Bajo dos consideraciones fundamentales aparece lo infantil en sus páginas. Responden a dos visiones diferentes: risueña una, acongojada la otra. Acaso la más llamativa y conocida es esta segunda. Cualquier lector asiduo ha constatado que JC vuelve con frecuencia sobre una situación espiritual pintada al claroscuro, pero dominada por las sombras. Un diagnóstico severo y preocupante la describe como “infantilismo espiritual”, propio de muchas almas que llevan años en la brega, pero avanzado poco. Personas muy entradas en años, pero espiritualmente inmaduras, con caprichos y gustos de niños. Se creen a veces “por de muy allá”, pero en realidad son “principiantes”. Es corriente en el Santo la equiparación entre “principiantes” e “infantilismo espiritual”.
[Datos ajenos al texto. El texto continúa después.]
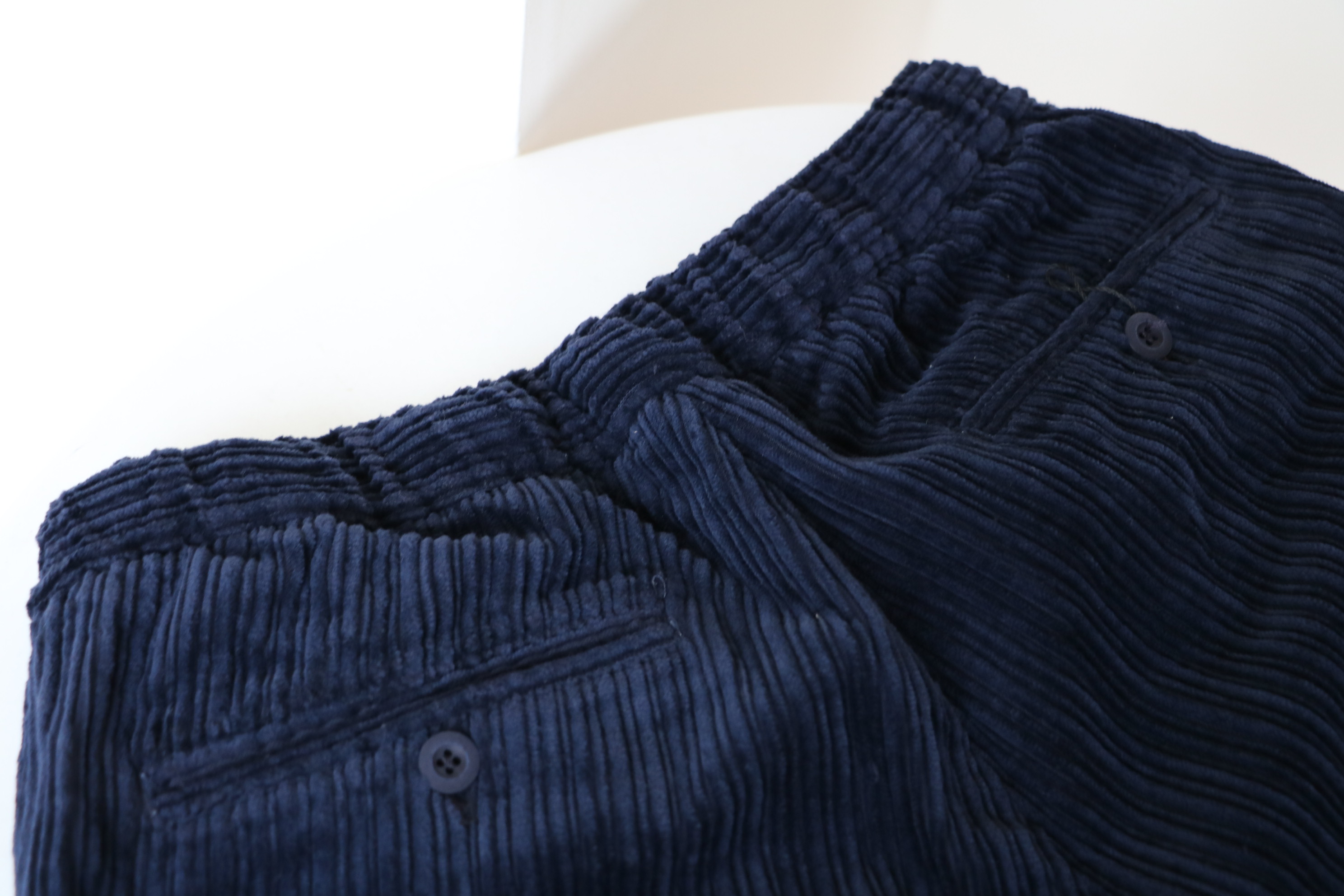 色違いのプルシャンブルーは、ネイビーより艶やかな色合い。日本名では紺青です。光の角度によって表情が変わるのもコーデュロイの趣です。
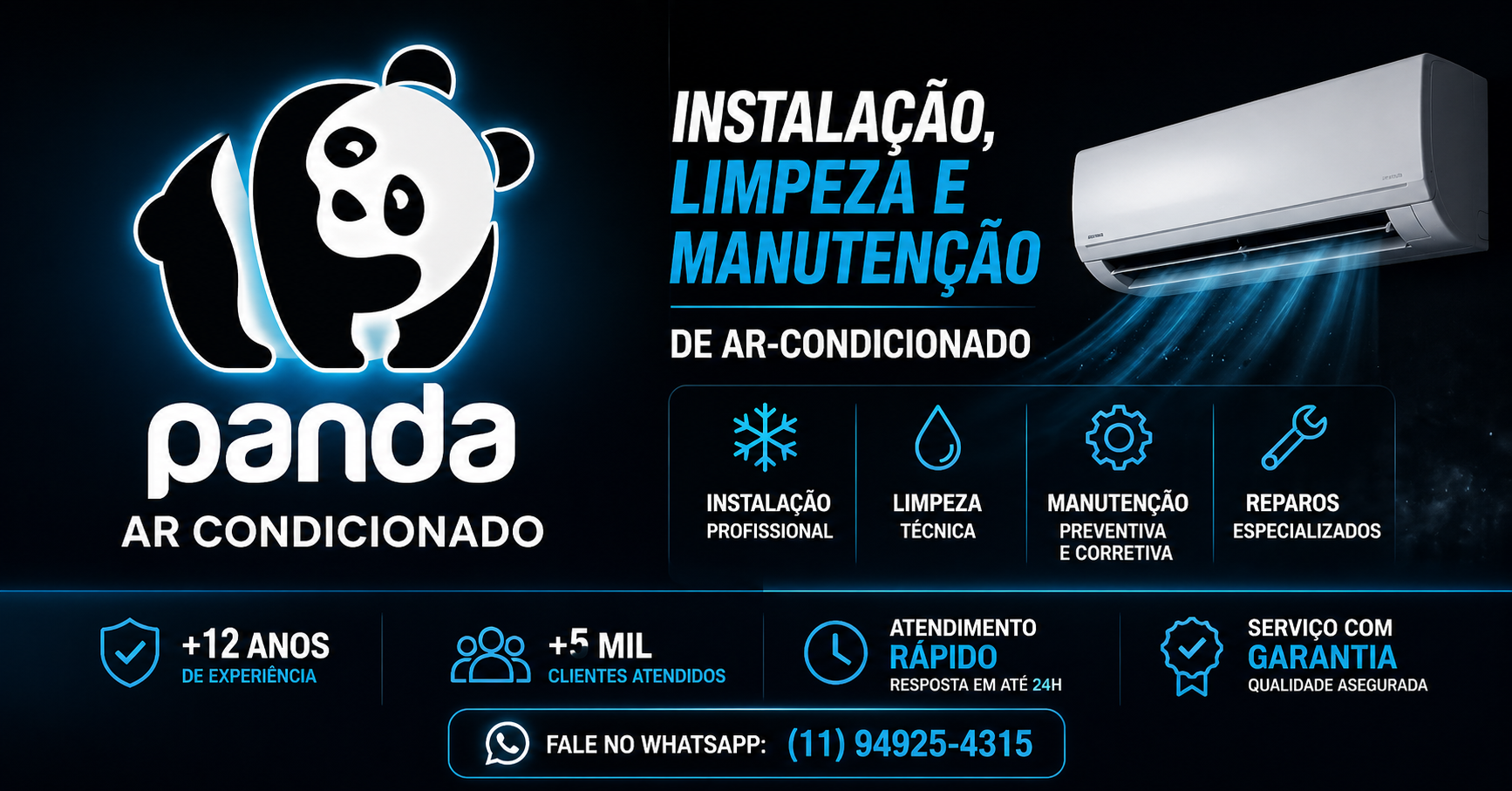 Não espere o calor chegar ou o aparelho falhar. Entre em contato com a Panda Ar-Condicionado e garanta conforto, eficiência e tranquilidade para sua casa ou empresa.

Sabe perfectamente que la naturaleza no da saltos; que un crecimiento normal y seguro tiene sus comienzos en la niñez, en lo pequeño. Reconoce también con toda claridad que en el orden espiritual se mantienen las mismas leyes de crecimiento y desarrollo propias de la naturaleza humana, porque Dios, en su sabia pedagogía, se acomoda y respeta el dinamismo natural del proceso vital humano (S 2, 17, 2). Existe, por tanto, y tiene que existir, una fase de la vida espiritual propia de los comienzos, de los primeros movimientos, de los pasos titubeantes, del “balbucir más que del hablar”. Todo ello existe y es bueno; necesario para un desarrollo normal y corriente. Es una etapa querida por Dios y a él agradable (S 2, 24, 4; Ll 3, 65).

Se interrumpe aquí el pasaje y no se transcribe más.